**Exercise requirements**
Print the records below exactly as they appear. Omit all pictures.

**Source records**
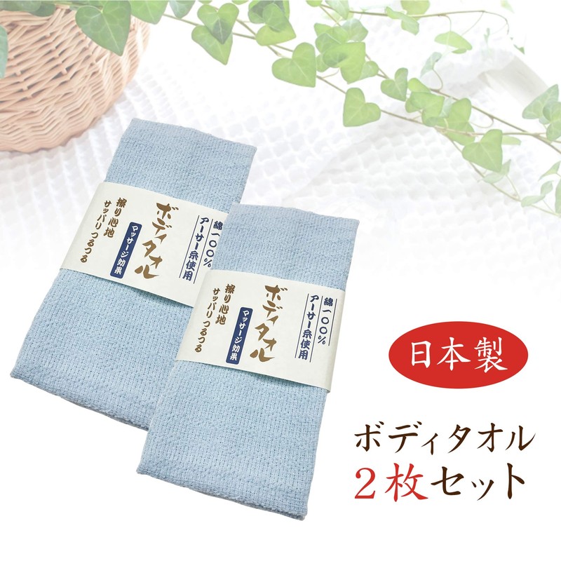 Refreshing Body Towel, Made in Japan, Body Towel, Foaming, Soft, Refreshing, Body Washing, Improves Circulation, Natural Material, For Baths, 100% Cotton (Blue (Set of 2)
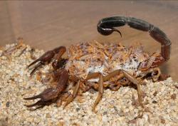 Скорпион действительно, как пишет юный ПОВЕЛИТЕЛЬ крупный и красивый. Так что обращайтесь. Завтра в соответствующем разделе выложу предложение. Для желающих думаю можно будет сразу определиться по полу.
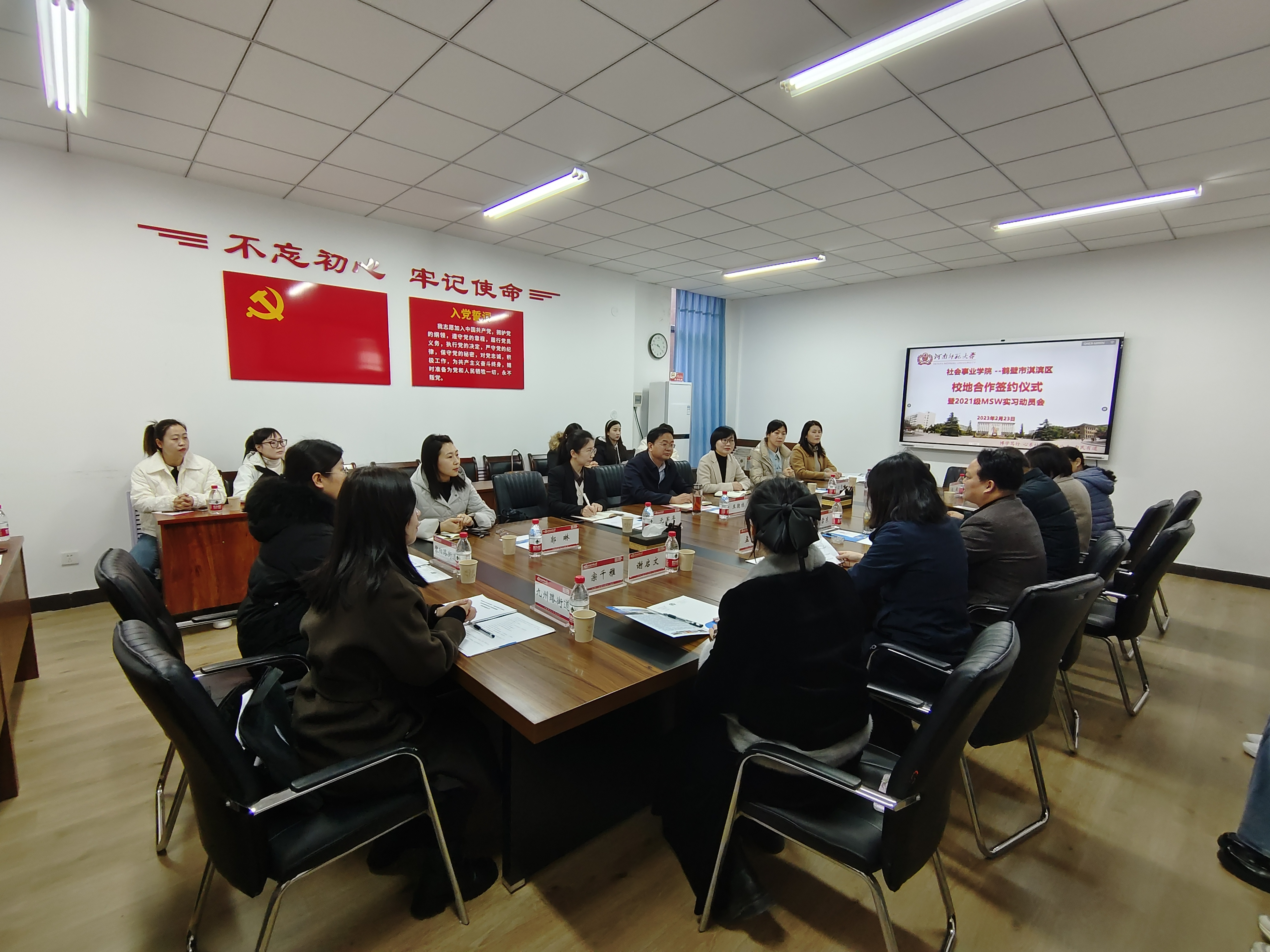 2月23日上午,社会事业学院与鹤壁市淇滨区联合举行校地合作签约仪式暨2021级MSW实习动员会。鹤壁市淇滨区委常委、组织部部长王朝栋,区人民政府副区长高志芳,城市社会治理和社区服务局局长元军平,校党委研工部副部长、研究生院副院长马春旺,社会事业学院院长魏雷东,淇滨区社区服务中心及街道办事处代表,学院教师代表、2021级全体社会工作研究生参加会议。会议由社会事业学院副院长孟利艳主持。
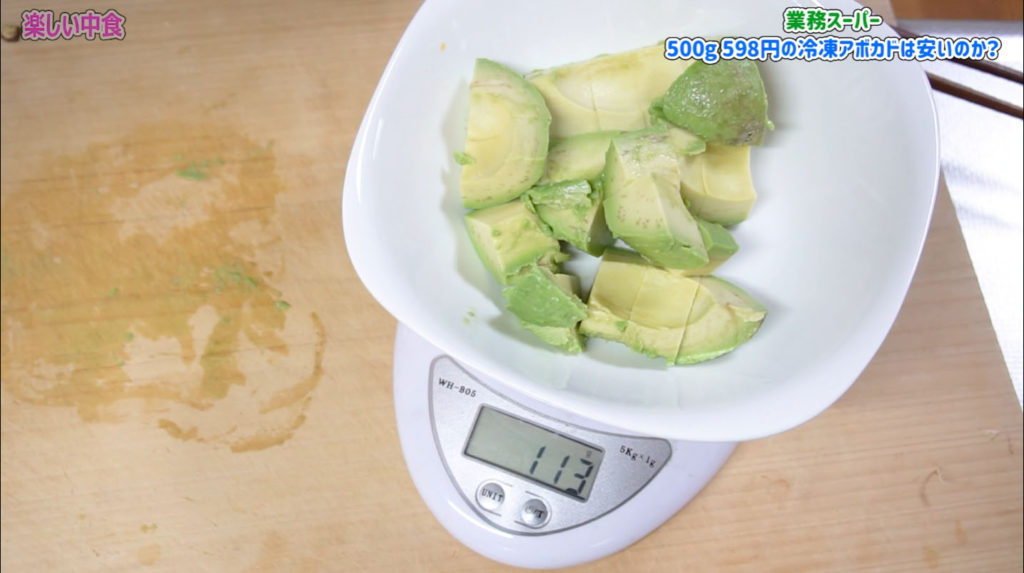 598円の冷凍アボカドは1g 1.20円
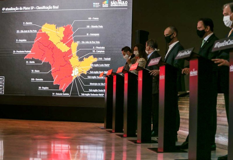 Agora são dez regiões e uma sub-região metropolitana na fase laranja. As áreas de Bauru, Marília, Piracicaba, Presidente Prudente e Sorocaba avançaram da fase vermelha, e permaneceram estáveis as de Araraquara, Barretos, São João da Boa Vista, São José do Rio Preto, Taubaté e a sub-região Norte (Franco da Rocha) da Grande São Paulo.
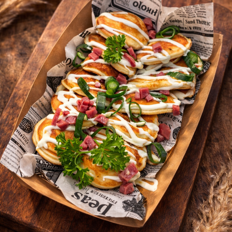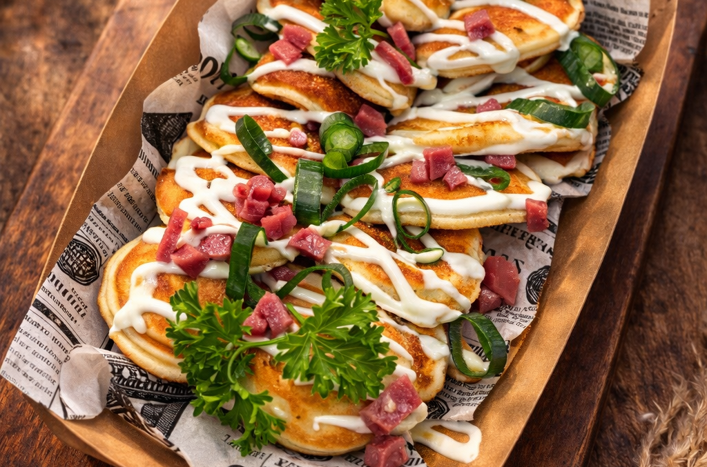 Fluffige Mini Pancakes mit herzhaften Toppings. Perfekt als Snack, Hauptspeise oder Mitternachtssnack.

**Reply**
 Refreshing Body Towel, Made in Japan, Body Towel, Foaming, Soft, Refreshing, Body Washing, Improves Circulation, Natural Material, For Baths, 100% Cotton (Blue (Set of 2)
 Скорпион действительно, как пишет юный ПОВЕЛИТЕЛЬ крупный и красивый. Так что обращайтесь. Завтра в соответствующем разделе выложу предложение. Для желающих думаю можно будет сразу определиться по полу.
 2月23日上午,社会事业学院与鹤壁市淇滨区联合举行校地合作签约仪式暨2021级MSW实习动员会。鹤壁市淇滨区委常委、组织部部长王朝栋,区人民政府副区长高志芳,城市社会治理和社区服务局局长元军平,校党委研工部副部长、研究生院副院长马春旺,社会事业学院院长魏雷东,淇滨区社区服务中心及街道办事处代表,学院教师代表、2021级全体社会工作研究生参加会议。会议由社会事业学院副院长孟利艳主持。
 598円の冷凍アボカドは1g 1.20円
 Agora são dez regiões e uma sub-região metropolitana na fase laranja. As áreas de Bauru, Marília, Piracicaba, Presidente Prudente e Sorocaba avançaram da fase vermelha, e permaneceram estáveis as de Araraquara, Barretos, São João da Boa Vista, São José do Rio Preto, Taubaté e a sub-região Norte (Franco da Rocha) da Grande São Paulo.
 Fluffige Mini Pancakes mit herzhaften Toppings. Perfekt als Snack, Hauptspeise oder Mitternachtssnack.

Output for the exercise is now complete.